Cold filled his insides. Mehmet kept his ear to the ground in the quartier. This grew more complicated, more twisted all the time. Had he figured wrong?

Even for the Yellow Crescent, this move struck him as bold. Arrogant. Though he knew the authorities, much less this woman, couldn’t begin to penetrate their web.

“Eyes watch everywhere,” Mehmet said. “But this feels wrong for the Yellow Crescent.”

The
flics
avoided internal rivalries in the closed Turkish community; but with a murdered journalist. . . . No wonder this Florand wanted him to inform.

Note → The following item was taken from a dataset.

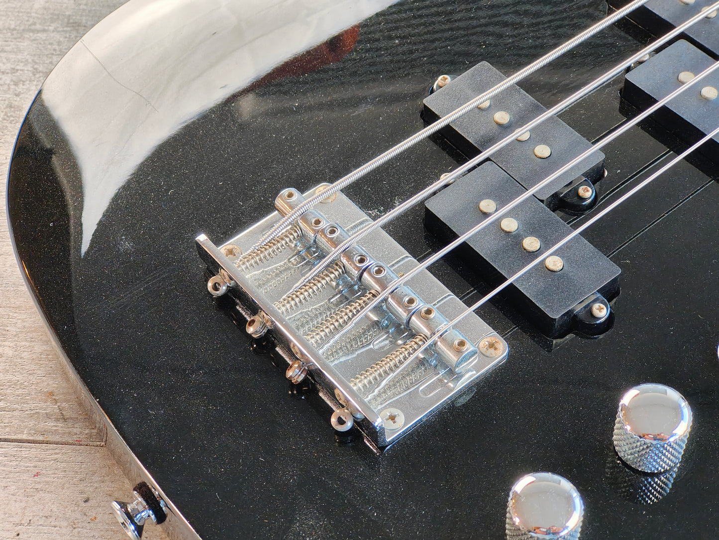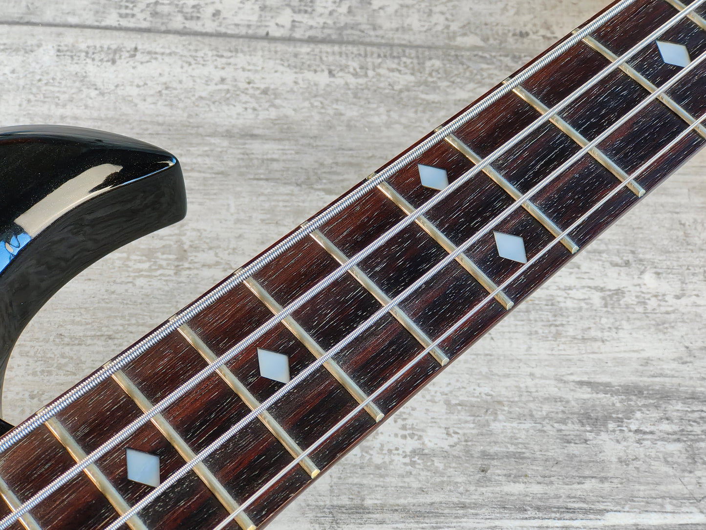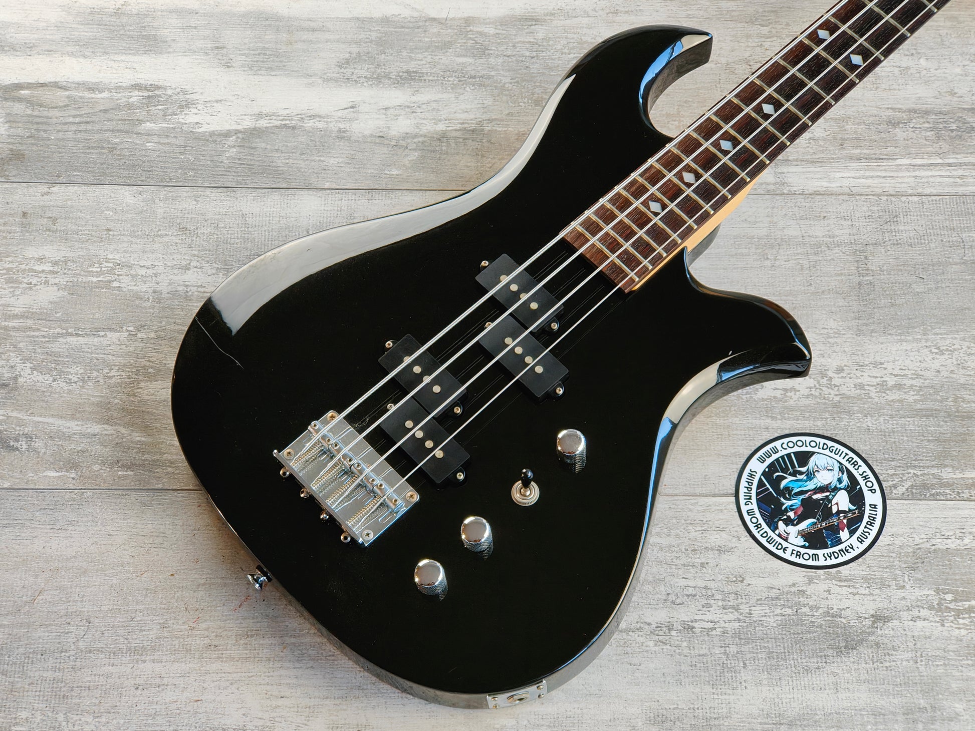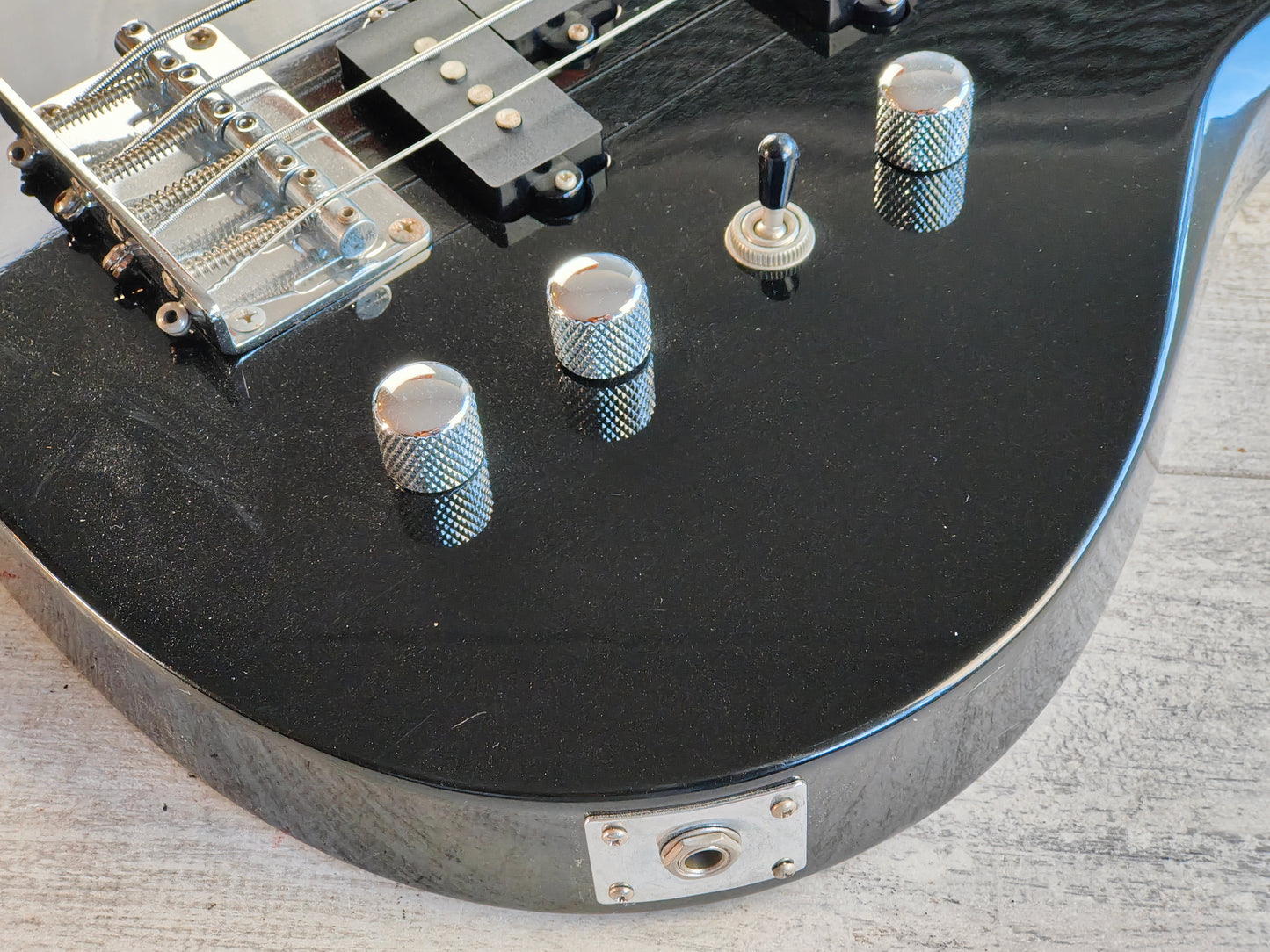 Chinese made in the late 2000's, this BC Rich Eagle Bass features a solid body with a metallic black finish bolted to a maple neck with a 24 fret rosewood fingerboard (34" scale length) and weighs 3.7kg's. Loaded with a pair of P style passive pickups controlled by independent volume controls, a master tone control and a three-way pickup selector.

“What’s the word on the street?”

“The dead junkie, you know the types from the Canal? He got nabbed with the journalist’s wallet.”

Probably one of the two-way hustlers he’d seen in the doorway on rue de Paradis.

“So far, they put it down to robbery.”

Vatel doubted it.

“It’s more,” Vatel said. “You know that.”

Mehmet clicked his worry beads faster. “I know nothing.”

“Yet last week in the café, you insisted that the Yellow Crescent had posted that article in the laundromat.”

Mehmet shook his head. “Yellow Crescent, the Turkish military . . . ? They’d never dare kill a journalist. You must talk to the wise one.”

“He’s not back.”

Mehmet nodded. “He returns tonight or tomorrow.”

Vatel marshaled his thoughts, trying to figure out what was bothering him.

“Count me out,” Mehmet said. “I know nothing. I can’t get involved.”

But Vatel had to give some morsel to Florand. Mehmet had been a concierge in the quartier for years; he knew everyone, and everyone knew him.

“What did you leave out, Mehmet?” Vatel advanced closer, hemmed in by costumes. The walls were lined with waistcoats on hangers and knee-high boots lined up like soldiers.

“Finding a scrap of paper in the wallet . . . who knows what it really means, eh?” Mehmet averted his eyes, shrugged. “It’s just a sugar wrapper.”

“I’m waiting.”

“For what? I told you. . . .”

Vatel visualized rue de Paradis: the breaking dawn, the ceramic tiled doorway, the hustlers down the street, the black chador, the street cleaner dropping his broom, and the figure. . . .

“Who else saw, Mehmet?”

“The blubbering mouse from Istanbul.” Mehmet sighed. “He cleans the trains at Gare du Nord.”

“His name?”

Mehmet shrugged. “I told you,
fare.”

“Mouse?”

The sound of footsteps and whistling came from the hall. An old Georges Brassens tune. Mehmet leaned closer, lowered his voice, and lapsed into Turkish.
“Ufak bir fare gibi,
little like a mouse.”

“There’s more, I can tell.”

“Jalenka Malat’s the target,” Mehmet said, looking at his feet. “Tonight.”